### WHAT YOU HAVE TO DO
Starting at the line below holding "In gallery, gli" and stopping at the line holding "대선을 29일 앞 둔", print every line exactly, both ends included, and leave the rest out.

### SUPPLIED INFORMATION
BEGIN

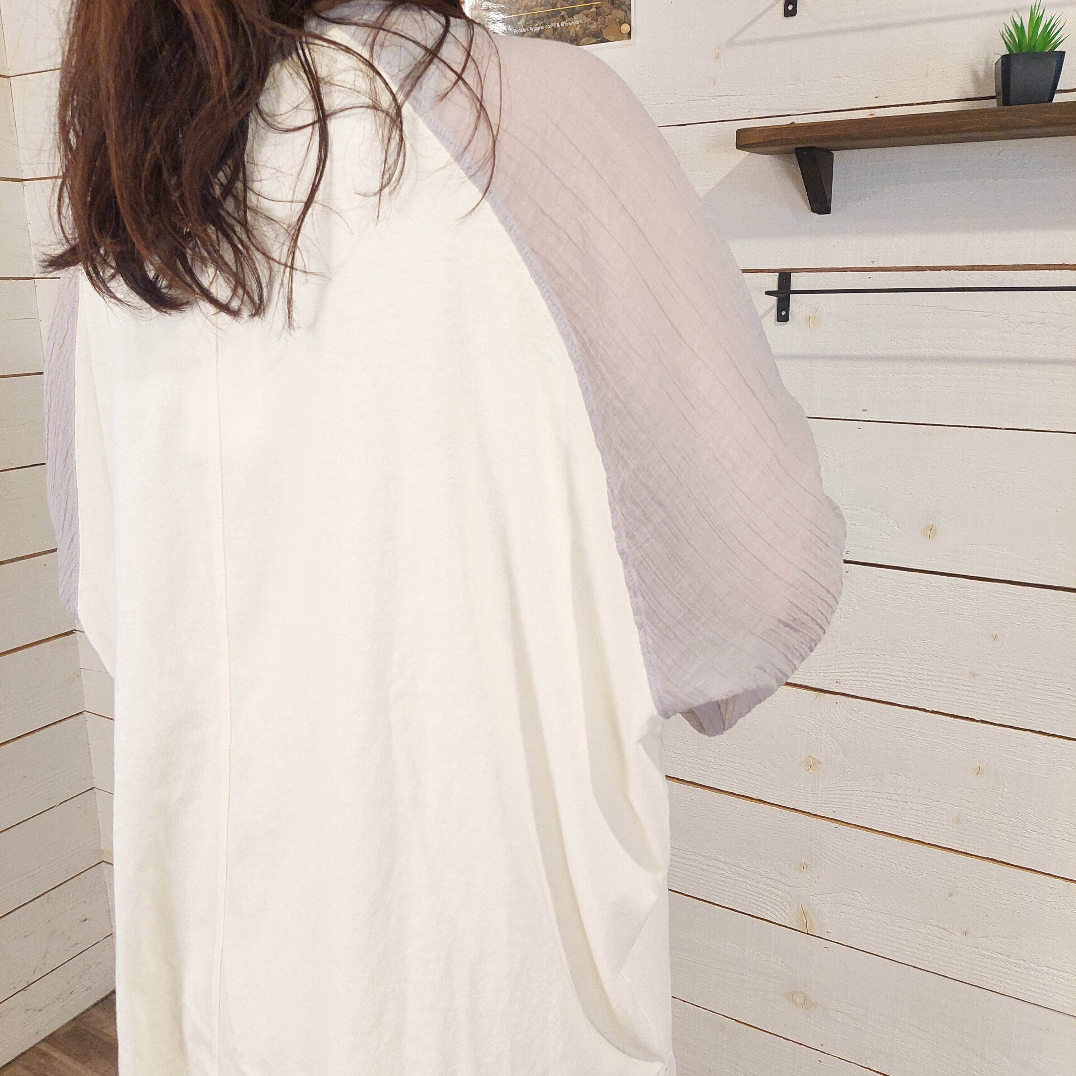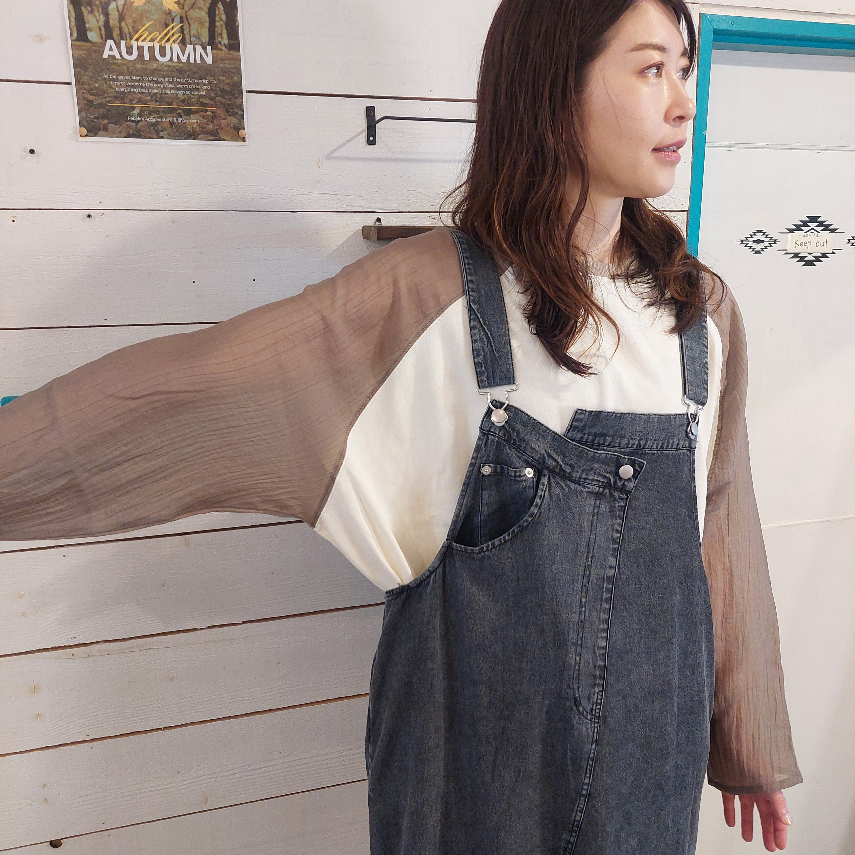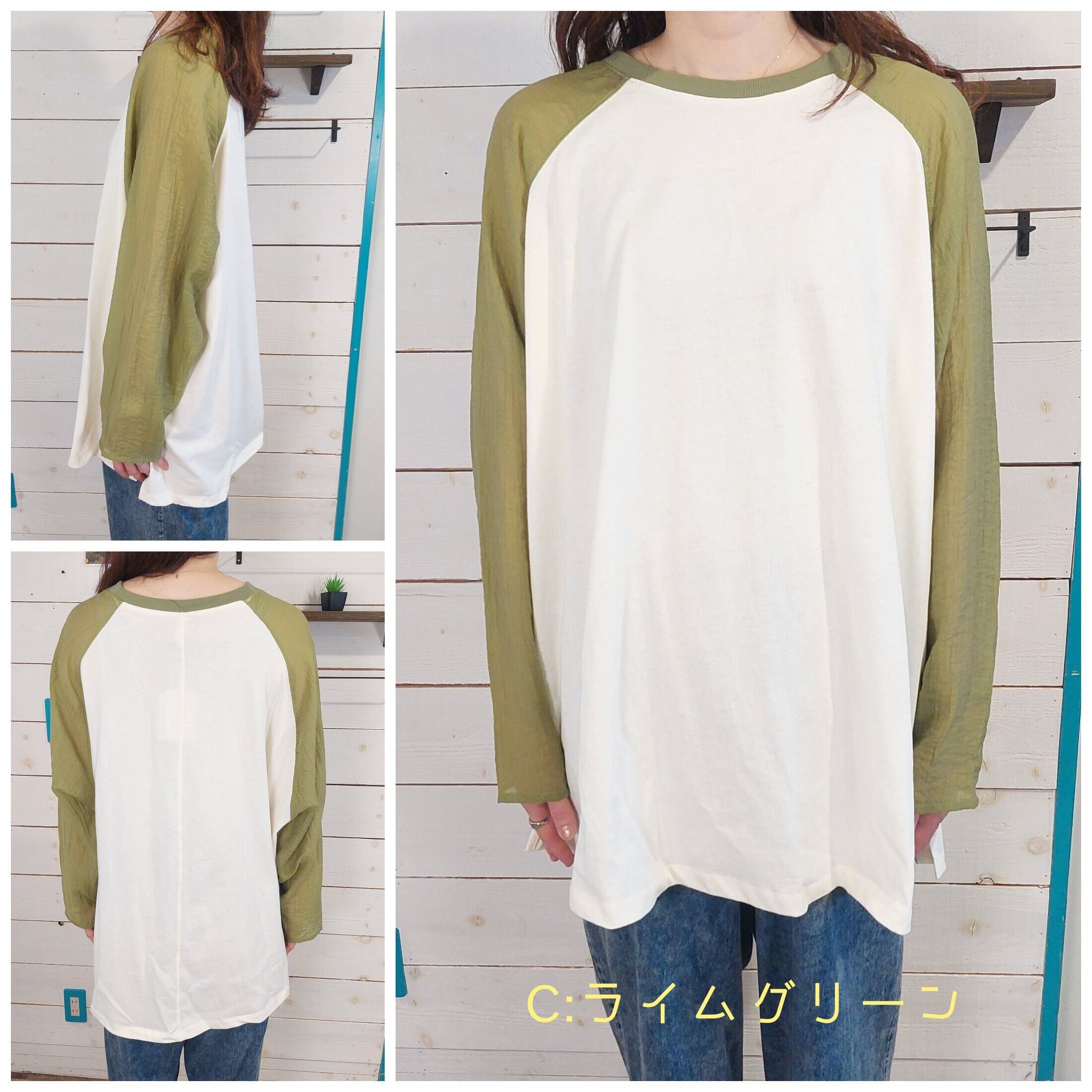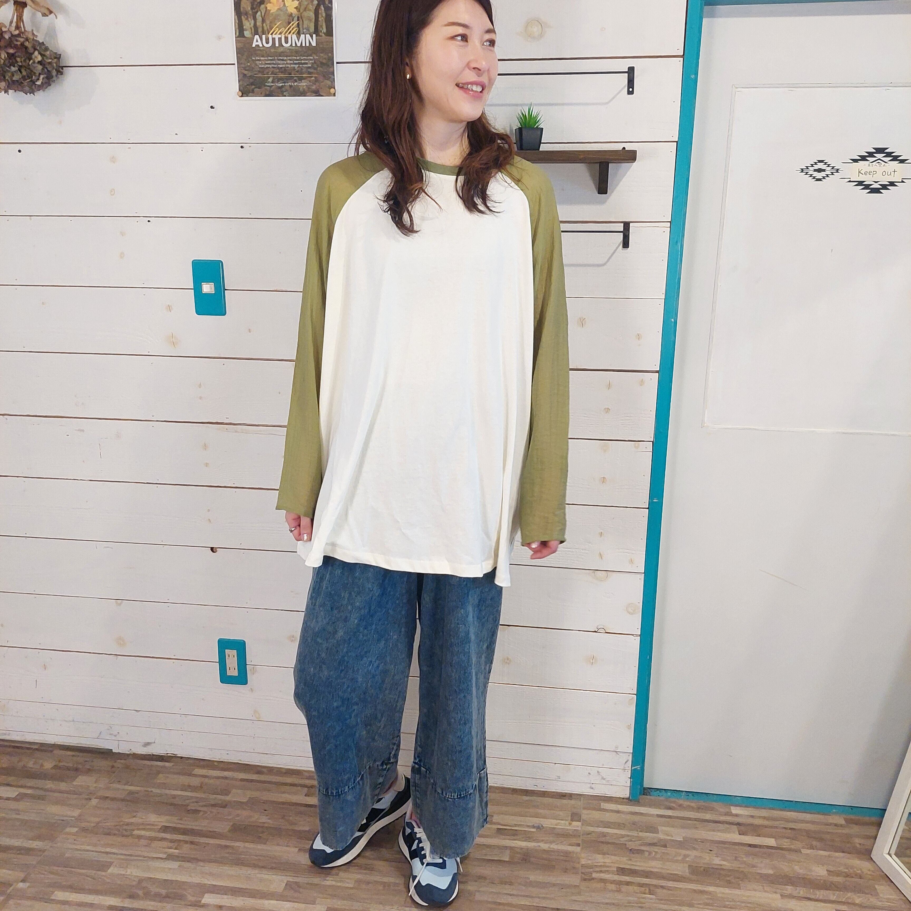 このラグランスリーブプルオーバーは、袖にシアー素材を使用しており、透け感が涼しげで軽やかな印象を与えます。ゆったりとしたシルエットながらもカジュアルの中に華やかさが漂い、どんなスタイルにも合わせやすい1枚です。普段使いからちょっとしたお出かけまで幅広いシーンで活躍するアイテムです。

END
BEGIN

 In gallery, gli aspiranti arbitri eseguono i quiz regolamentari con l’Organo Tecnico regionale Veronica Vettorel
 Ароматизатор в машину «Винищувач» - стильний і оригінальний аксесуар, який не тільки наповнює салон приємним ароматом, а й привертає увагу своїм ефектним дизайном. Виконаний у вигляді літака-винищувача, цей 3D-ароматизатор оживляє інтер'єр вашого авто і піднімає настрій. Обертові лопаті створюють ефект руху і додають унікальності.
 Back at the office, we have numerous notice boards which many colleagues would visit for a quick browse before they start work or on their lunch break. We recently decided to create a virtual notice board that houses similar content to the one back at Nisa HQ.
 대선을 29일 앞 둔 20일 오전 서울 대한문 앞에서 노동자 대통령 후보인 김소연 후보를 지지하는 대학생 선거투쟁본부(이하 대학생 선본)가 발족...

END

### SOLUTION
 In gallery, gli aspiranti arbitri eseguono i quiz regolamentari con l’Organo Tecnico regionale Veronica Vettorel
 Ароматизатор в машину «Винищувач» - стильний і оригінальний аксесуар, який не тільки наповнює салон приємним ароматом, а й привертає увагу своїм ефектним дизайном. Виконаний у вигляді літака-винищувача, цей 3D-ароматизатор оживляє інтер'єр вашого авто і піднімає настрій. Обертові лопаті створюють ефект руху і додають унікальності.
 Back at the office, we have numerous notice boards which many colleagues would visit for a quick browse before they start work or on their lunch break. We recently decided to create a virtual notice board that houses similar content to the one back at Nisa HQ.
 대선을 29일 앞 둔 20일 오전 서울 대한문 앞에서 노동자 대통령 후보인 김소연 후보를 지지하는 대학생 선거투쟁본부(이하 대학생 선본)가 발족...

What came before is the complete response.